→ **Goal of the exercise**:
Set down, word for word, every line of the material below from the one containing "Guys Gamer Tattoo" through the one containing "Jeśli utrzymasz swój", but none of its pictures.

→ **Records provided**:
◇ ◇ ◇ ◇ ◇

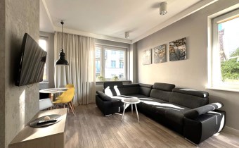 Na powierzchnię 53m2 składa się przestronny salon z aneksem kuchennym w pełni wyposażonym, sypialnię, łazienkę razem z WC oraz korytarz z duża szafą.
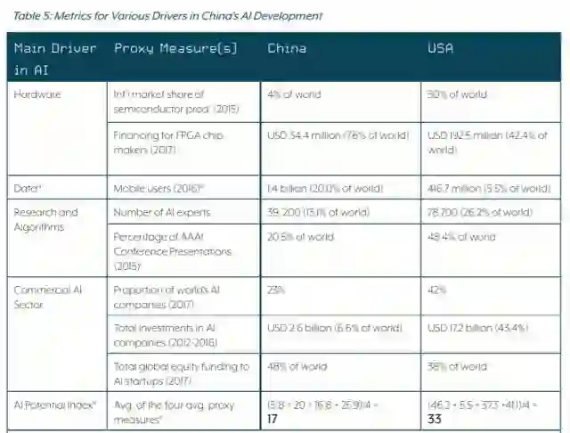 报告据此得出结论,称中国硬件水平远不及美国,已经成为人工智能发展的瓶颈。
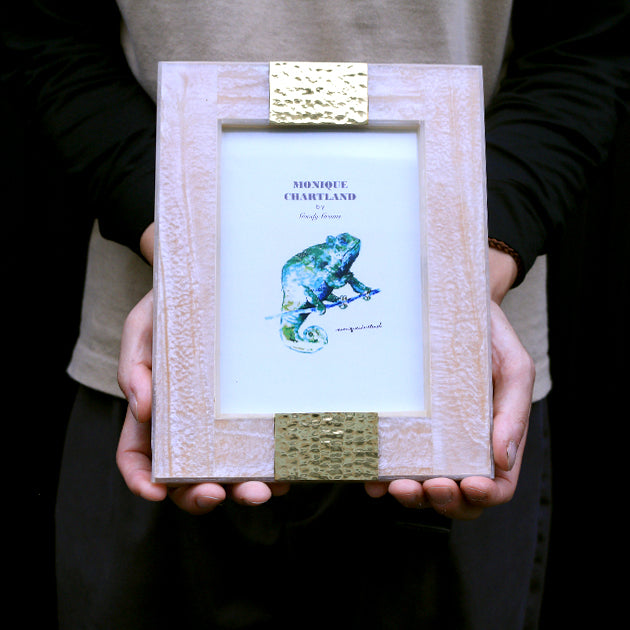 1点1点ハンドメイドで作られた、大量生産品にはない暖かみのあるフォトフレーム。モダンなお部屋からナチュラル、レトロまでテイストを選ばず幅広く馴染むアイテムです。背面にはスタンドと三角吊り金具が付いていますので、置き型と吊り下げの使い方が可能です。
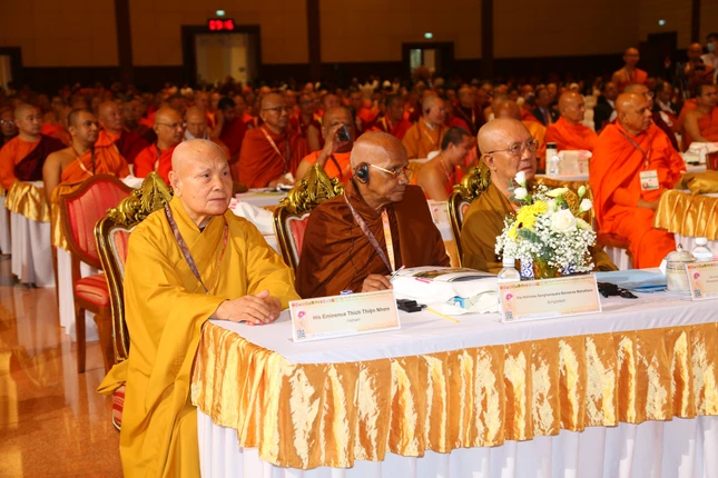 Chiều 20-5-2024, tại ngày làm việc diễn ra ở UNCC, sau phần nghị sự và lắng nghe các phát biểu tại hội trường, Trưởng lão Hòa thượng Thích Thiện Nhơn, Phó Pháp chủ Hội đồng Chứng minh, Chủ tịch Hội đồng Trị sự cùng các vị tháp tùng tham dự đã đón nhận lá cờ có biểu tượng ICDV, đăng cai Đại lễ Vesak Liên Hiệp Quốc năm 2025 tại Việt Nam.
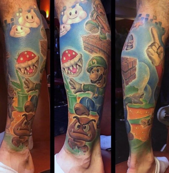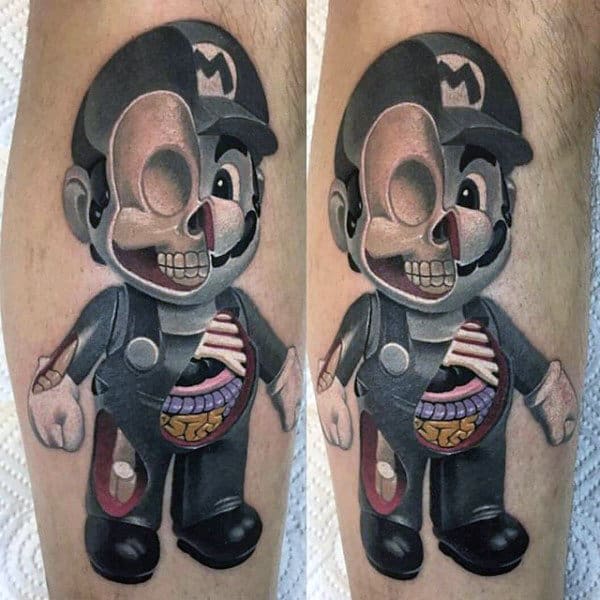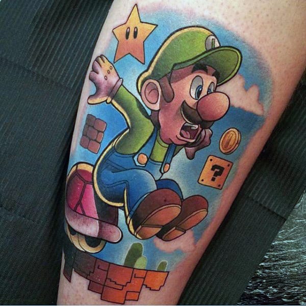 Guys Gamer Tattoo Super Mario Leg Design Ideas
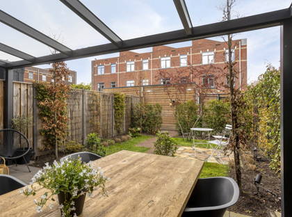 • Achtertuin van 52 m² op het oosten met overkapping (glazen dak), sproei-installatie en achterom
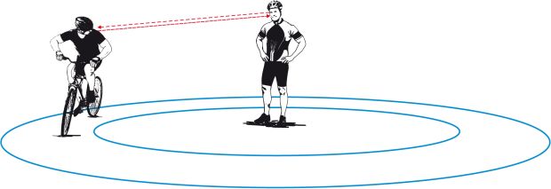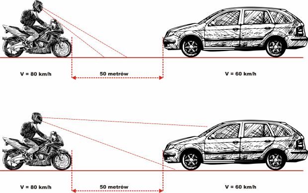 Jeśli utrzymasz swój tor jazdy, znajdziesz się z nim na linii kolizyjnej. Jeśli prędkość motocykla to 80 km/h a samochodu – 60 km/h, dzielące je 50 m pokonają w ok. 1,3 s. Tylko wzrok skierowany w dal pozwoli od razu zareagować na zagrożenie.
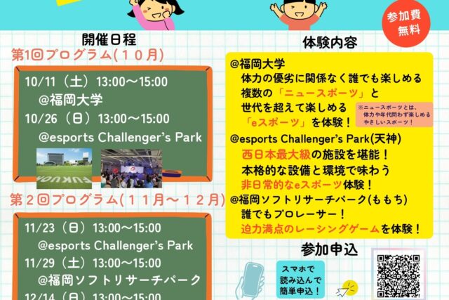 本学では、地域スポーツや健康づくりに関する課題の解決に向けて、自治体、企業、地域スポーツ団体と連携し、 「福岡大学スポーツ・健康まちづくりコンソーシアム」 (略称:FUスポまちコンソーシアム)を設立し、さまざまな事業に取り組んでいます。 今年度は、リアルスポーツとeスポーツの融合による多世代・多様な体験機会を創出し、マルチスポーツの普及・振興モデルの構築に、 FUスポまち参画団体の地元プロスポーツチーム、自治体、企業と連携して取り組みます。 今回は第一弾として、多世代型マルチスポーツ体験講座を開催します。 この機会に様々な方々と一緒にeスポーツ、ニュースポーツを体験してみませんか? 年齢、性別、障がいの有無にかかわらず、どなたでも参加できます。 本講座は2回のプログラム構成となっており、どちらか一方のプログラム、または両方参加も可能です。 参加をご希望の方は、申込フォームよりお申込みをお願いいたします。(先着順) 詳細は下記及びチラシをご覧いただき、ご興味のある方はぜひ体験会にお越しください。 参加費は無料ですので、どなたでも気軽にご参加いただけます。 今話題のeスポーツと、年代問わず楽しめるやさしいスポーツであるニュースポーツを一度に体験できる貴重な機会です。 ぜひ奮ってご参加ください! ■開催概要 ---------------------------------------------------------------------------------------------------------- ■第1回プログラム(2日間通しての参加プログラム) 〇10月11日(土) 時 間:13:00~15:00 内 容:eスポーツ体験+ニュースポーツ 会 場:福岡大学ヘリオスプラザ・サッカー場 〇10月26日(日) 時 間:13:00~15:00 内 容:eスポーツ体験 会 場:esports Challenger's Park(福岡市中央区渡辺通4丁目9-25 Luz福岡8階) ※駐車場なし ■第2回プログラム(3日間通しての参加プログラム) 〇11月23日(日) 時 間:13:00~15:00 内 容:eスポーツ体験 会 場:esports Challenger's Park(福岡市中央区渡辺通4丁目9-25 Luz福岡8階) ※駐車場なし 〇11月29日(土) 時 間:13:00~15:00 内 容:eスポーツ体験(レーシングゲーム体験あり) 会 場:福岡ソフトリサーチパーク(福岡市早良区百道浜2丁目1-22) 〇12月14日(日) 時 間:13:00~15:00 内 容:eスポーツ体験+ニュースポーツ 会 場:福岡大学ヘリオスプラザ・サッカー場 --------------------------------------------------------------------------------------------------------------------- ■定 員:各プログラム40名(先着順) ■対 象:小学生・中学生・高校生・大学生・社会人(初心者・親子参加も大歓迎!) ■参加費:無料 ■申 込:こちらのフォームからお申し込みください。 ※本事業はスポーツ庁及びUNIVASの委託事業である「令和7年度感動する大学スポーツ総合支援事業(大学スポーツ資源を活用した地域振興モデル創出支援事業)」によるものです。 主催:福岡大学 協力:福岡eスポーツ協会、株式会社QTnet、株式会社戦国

◇ ◇ ◇ ◇ ◇

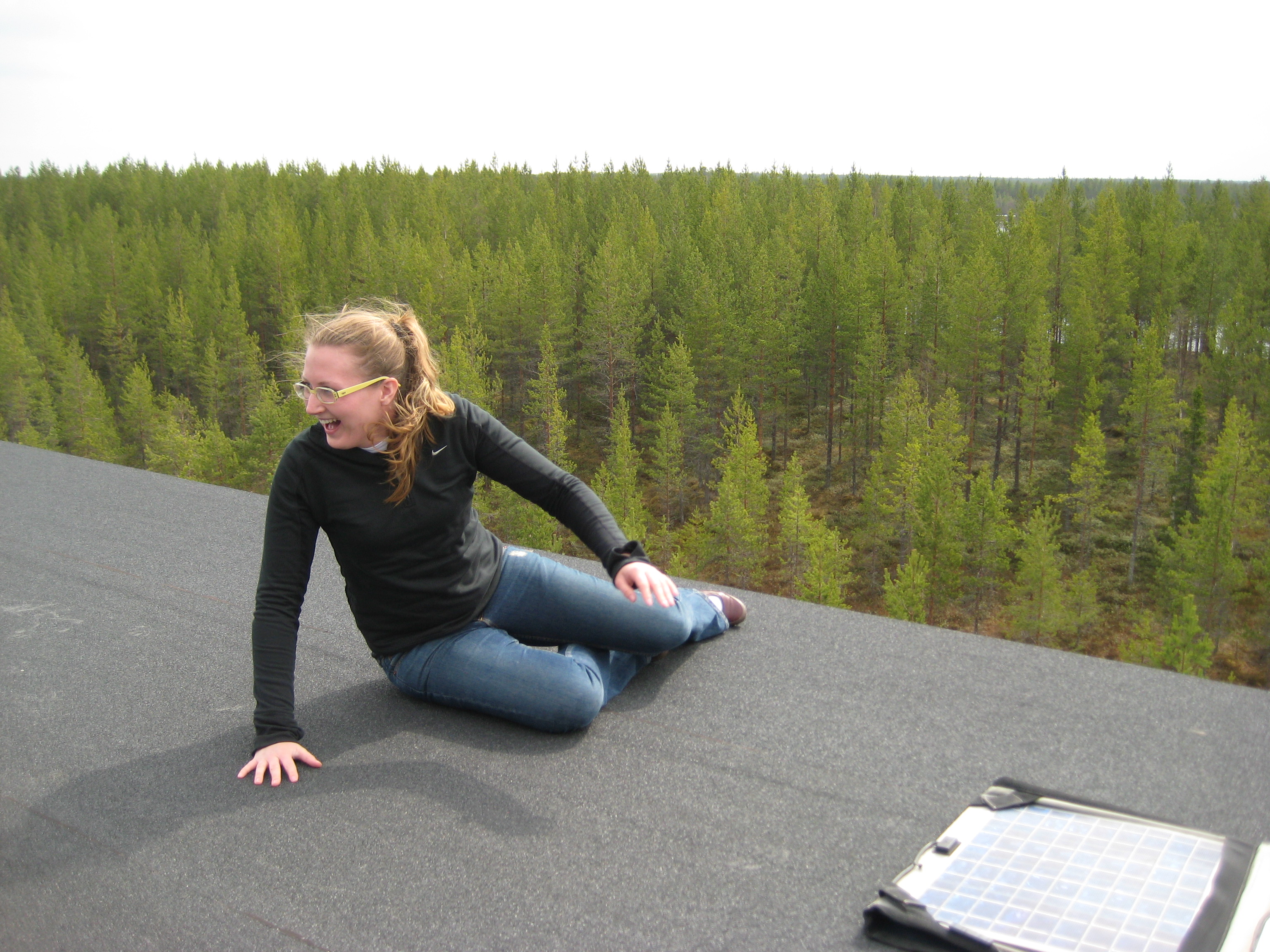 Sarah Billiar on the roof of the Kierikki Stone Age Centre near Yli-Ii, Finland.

◇ ◇ ◇ ◇ ◇

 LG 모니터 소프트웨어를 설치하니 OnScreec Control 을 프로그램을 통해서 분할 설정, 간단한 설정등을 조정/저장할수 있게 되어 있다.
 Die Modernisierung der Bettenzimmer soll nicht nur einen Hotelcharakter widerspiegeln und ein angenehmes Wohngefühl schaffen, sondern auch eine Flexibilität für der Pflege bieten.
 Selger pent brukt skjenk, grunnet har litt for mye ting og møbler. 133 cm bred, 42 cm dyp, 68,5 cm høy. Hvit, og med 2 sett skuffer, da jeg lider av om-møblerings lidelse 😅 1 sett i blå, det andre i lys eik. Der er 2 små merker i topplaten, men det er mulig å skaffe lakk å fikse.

◇ ◇ ◇ ◇ ◇

→ **Expected output**:
 Guys Gamer Tattoo Super Mario Leg Design Ideas
 • Achtertuin van 52 m² op het oosten met overkapping (glazen dak), sproei-installatie en achterom
 Jeśli utrzymasz swój tor jazdy, znajdziesz się z nim na linii kolizyjnej. Jeśli prędkość motocykla to 80 km/h a samochodu – 60 km/h, dzielące je 50 m pokonają w ok. 1,3 s. Tylko wzrok skierowany w dal pozwoli od razu zareagować na zagrożenie.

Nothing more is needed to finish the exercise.